TTB yönetiminin düşürülmesi istemiyle açılan davada reddi hakim talebi

Genel Oca 12, 2023 Yorum Yok

Türk Tabipleri Birliği (TTB) idaresinin düşürülmesi talebiyle açılan davanın ön inceleme duruşmasında, TTB avukatları reddi Yargıç talebinde bulundu. Mahkeme, ret talebinin bir üst mahkemeye gönderilmesine karar vererek, duruşmayı 8 Şubat’a erteledi.

 İstanbul’da gözaltına alınan Fincancı, 27 Ekim’de Ankara’da Sulh ceza hakimliğince tutuklanmıştı. Soruşturma sonunda Fincancı hakkında ‘terör örgütü propagandası yapmak’ cürmünden 1 Yıl 6 aydan 7 Yıl 6 aya kadar mahpus istemiyle açılan dava Ankara 4’ncü Ağır Ceza Mahkemesi tarafından ‘yetkisizlik’ kararı verilerek İstanbul’a gönderildi. Ankara Cumhuriyet Başsavcılığı, ayrıyeten, Fincancı ve TTB Merkez Kurulu üyelerinin misyondan alınmaları talebiyle bir davaname hazırlayarak, Ankara 31’nci Asliye Hukuk Mahkemesinde gönderdi.

Mahkeme reddi Yargıç talebini değerlendirecek

Savcılığın talebiyle Ankara 31’nci Asliye Hukuk Mahkemesi’nde açılan davanın bugün görülen ön inceleme duruşmasına, vazifeden alınması istenen kurulun birtakım üyeleri ile avukatları katıldı. Duruşmayı, birtakım CHP ve HDP milletvekilleriyle Dünya Tabipler Birliği temsilcisi de izledi.

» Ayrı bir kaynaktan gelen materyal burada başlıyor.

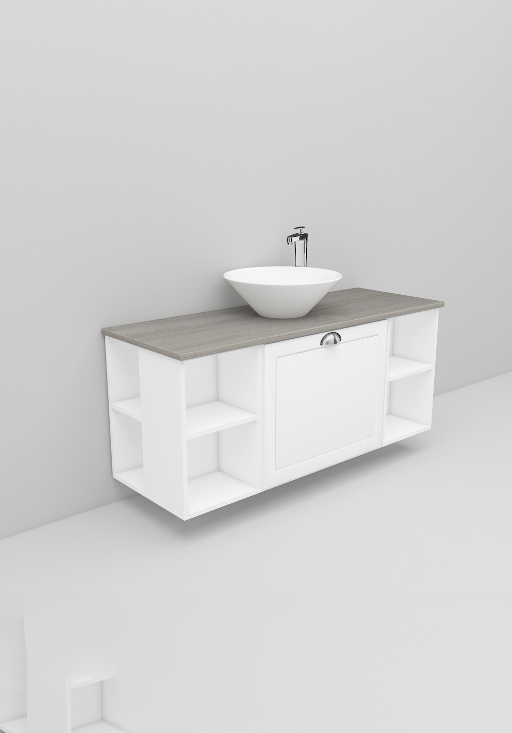 Flexline är badrumsmöbler med tidlös design och många valmöjligheter. Möblerna finns i varianter med både luckor och lådor med Soft Close-funktion, i bredder 600, 900 och 1200 mm och med flera olika utföranden på fronterna som sätter prägel på din möbel. Lyxigt fristående handfat på bänkskiva i Solid Surface marmor eller svart bänkskiva ingår. Köp till handtag, blandare, bottenventil och vattenlås.

Ankara Cumhuriyet Başsavcılığının hazırladığı davanamenin özetinin okunmasının akabinde Laf Meydan TTB Merkez Kurulu üyelerinin avukatları, başsavcılığın duruşmayı takip etmemesi nedeniyle evrakın süreçten kaldırılmasını istedi. Talebi kıymetlendiren hakim, Hukuk Muhakemeleri Kanunu’nda başsavcılığın duruşmalara katılmasını emredici bir karar bulunmaması nedeniyle avukatların istemini reddetti.

Davanamede TTB Merkezi Kurulu Başkanlığı ve Şebnem Korur Fincancı’nın düşman olarak gösterildiğini, Ama davanamenin düzenlendiği tarihte kimlerin Merkez Kurulu üyesi olduğuna dair bir tespitin yapılmadığını bildiren avukatlar, vazifesine nihayet verilmesi istenen şahısların Laf haklarının ihlalinin hukuka terslik teşkil edeceğini öne sürdü. Avukatlar, bu nedenle davanın adaptan reddine karar verilmesini talep etti. Hakim, bu talebi de reddetti. Fincancı’nın avukatı Oya Meriç ise TTB Merkez Kurulu Liderinin, konsey üyeleri içinden seçildiğini, bu nedenle müvekkilinin misyondan alınmasına yönelik bağımsız bir talebin ileri sürülemeyeceğini söyledi ve adaba ait itirazda bulundu.

Avukat Meriç’in itirazının da reddi ve duruşmada tahkikat kademesine geçileceğinin belirtilmesi üzerine Laf Meydan avukatlar, Adalet unsuruna muhalif devinim ettiğini öne sürdükleri hakimin reddini istedi. Reddi Yargıç talebi üzerine mahkeme, ret talebinin incelenmesi için mütalaa evrakının bir üst mahkemeye gönderilmesine hükmetti ve davayı erteledi. 

“TTB bilimsel doğruları savunmaya devam edecektir”

Türk Tabipleri Birliği (TTB) Merkez Konseyi’nin misyondan alınması için açılan davanın duruşması Ankara 31’inci Asliye Ceza Mahkemesi’nde yapıldı. TTB genel Sekreteri Vedat Bulut, duruşma öncesi “TTB Merkez Kurulu bütün baskılara Karşın mesleğin etik prensiplerinden, meslektaşlarının emeği için uğraş etmekten ve toplumun sıhhat hakkından Ödün vermeksizin bilimsel doğruları savunmaya devam edecektir” açıklamasını yaptı. Birçok Uğraş örgütleri ve sendikalar TTB’ye takviye için Ankara Dışkapı Adliyesi önünde bir ortaya geldi.

Türk Tabipleri Birliği (TTB), Merkez Konseyi’nin vazifeden alınması için açılan dava Ankara 31’inci Asliye Ceza Mahkemesi’nde görüldü. Duruşma öncesi birçok demokratik kitle örgütleri, sendikalar, Uğraş odaları Ankara Dışkapı Adliyesi önünde bir ortaya geldi ve basın açıklaması yapıldı.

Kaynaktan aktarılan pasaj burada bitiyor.